Material provided:
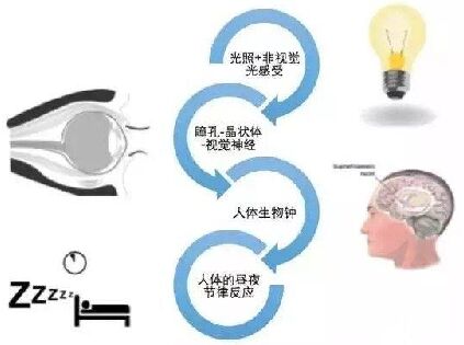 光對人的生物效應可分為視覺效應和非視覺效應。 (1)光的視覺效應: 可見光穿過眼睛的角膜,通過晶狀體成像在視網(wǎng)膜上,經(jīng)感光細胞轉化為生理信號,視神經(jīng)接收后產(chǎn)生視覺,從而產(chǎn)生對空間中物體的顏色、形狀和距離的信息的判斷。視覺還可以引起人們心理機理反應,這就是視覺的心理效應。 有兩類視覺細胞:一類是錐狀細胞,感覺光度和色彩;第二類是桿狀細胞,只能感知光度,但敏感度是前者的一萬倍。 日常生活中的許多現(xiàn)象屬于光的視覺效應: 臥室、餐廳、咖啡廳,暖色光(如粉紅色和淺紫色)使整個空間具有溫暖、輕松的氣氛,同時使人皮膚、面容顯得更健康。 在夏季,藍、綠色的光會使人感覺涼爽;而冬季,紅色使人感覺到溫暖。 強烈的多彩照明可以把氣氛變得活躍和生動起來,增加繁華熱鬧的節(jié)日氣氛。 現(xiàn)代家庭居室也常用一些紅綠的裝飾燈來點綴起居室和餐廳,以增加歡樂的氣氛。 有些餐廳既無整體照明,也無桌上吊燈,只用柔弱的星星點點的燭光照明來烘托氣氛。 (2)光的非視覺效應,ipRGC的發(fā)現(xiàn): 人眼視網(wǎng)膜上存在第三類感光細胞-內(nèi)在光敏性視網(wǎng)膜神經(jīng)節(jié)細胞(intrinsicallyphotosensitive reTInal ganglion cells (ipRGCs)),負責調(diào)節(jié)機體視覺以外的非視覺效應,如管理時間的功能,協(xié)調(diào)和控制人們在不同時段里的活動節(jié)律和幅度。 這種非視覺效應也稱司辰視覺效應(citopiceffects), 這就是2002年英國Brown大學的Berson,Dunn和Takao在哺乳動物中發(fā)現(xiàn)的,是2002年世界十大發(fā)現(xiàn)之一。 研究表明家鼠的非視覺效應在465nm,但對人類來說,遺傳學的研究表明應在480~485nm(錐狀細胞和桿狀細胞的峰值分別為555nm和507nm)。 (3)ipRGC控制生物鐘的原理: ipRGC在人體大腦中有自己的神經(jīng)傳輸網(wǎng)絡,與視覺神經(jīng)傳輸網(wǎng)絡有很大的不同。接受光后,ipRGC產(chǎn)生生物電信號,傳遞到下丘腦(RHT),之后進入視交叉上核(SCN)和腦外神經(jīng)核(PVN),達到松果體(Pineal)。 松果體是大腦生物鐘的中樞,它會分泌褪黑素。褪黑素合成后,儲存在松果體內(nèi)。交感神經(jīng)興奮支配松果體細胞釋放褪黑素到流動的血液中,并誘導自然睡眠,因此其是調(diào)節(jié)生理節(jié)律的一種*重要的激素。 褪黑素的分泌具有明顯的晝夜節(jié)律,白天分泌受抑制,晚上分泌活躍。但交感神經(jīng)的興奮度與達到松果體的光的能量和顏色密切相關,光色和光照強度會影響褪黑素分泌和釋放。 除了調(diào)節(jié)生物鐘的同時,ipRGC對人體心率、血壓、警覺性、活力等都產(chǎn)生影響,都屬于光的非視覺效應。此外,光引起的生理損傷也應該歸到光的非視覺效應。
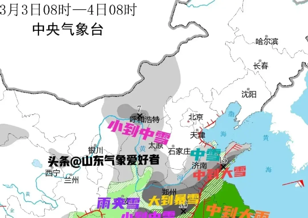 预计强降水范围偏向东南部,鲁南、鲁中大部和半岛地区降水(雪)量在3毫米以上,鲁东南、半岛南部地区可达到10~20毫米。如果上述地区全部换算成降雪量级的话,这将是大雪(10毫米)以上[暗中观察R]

...

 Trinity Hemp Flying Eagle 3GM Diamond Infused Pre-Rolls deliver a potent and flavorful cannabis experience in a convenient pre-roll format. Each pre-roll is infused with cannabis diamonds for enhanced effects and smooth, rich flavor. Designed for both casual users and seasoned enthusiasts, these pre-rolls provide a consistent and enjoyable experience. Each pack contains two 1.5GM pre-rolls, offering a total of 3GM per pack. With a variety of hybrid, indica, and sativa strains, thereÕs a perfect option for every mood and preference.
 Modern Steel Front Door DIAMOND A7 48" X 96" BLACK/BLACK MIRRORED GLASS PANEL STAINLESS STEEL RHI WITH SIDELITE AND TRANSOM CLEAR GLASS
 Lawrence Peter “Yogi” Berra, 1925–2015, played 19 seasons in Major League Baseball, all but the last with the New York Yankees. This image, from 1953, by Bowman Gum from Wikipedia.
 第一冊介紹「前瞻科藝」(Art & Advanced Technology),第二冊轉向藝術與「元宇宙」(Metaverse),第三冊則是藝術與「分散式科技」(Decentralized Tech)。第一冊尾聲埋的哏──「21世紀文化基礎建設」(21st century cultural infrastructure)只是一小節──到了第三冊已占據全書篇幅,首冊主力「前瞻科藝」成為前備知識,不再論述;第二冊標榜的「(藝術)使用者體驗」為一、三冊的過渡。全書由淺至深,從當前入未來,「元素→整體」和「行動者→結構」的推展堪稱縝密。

Goal of the exercise: Your answer should be the lines of the listing above between the line holding "Trinity Hemp Flying" and the line holding "第一冊介紹「前瞻科藝」(Art & Advanced", inclusive, restated word for word and alone.

Response to this exercise:
 Trinity Hemp Flying Eagle 3GM Diamond Infused Pre-Rolls deliver a potent and flavorful cannabis experience in a convenient pre-roll format. Each pre-roll is infused with cannabis diamonds for enhanced effects and smooth, rich flavor. Designed for both casual users and seasoned enthusiasts, these pre-rolls provide a consistent and enjoyable experience. Each pack contains two 1.5GM pre-rolls, offering a total of 3GM per pack. With a variety of hybrid, indica, and sativa strains, thereÕs a perfect option for every mood and preference.
 Modern Steel Front Door DIAMOND A7 48" X 96" BLACK/BLACK MIRRORED GLASS PANEL STAINLESS STEEL RHI WITH SIDELITE AND TRANSOM CLEAR GLASS
 Lawrence Peter “Yogi” Berra, 1925–2015, played 19 seasons in Major League Baseball, all but the last with the New York Yankees. This image, from 1953, by Bowman Gum from Wikipedia.
 第一冊介紹「前瞻科藝」(Art & Advanced Technology),第二冊轉向藝術與「元宇宙」(Metaverse),第三冊則是藝術與「分散式科技」(Decentralized Tech)。第一冊尾聲埋的哏──「21世紀文化基礎建設」(21st century cultural infrastructure)只是一小節──到了第三冊已占據全書篇幅,首冊主力「前瞻科藝」成為前備知識,不再論述;第二冊標榜的「(藝術)使用者體驗」為一、三冊的過渡。全書由淺至深,從當前入未來,「元素→整體」和「行動者→結構」的推展堪稱縝密。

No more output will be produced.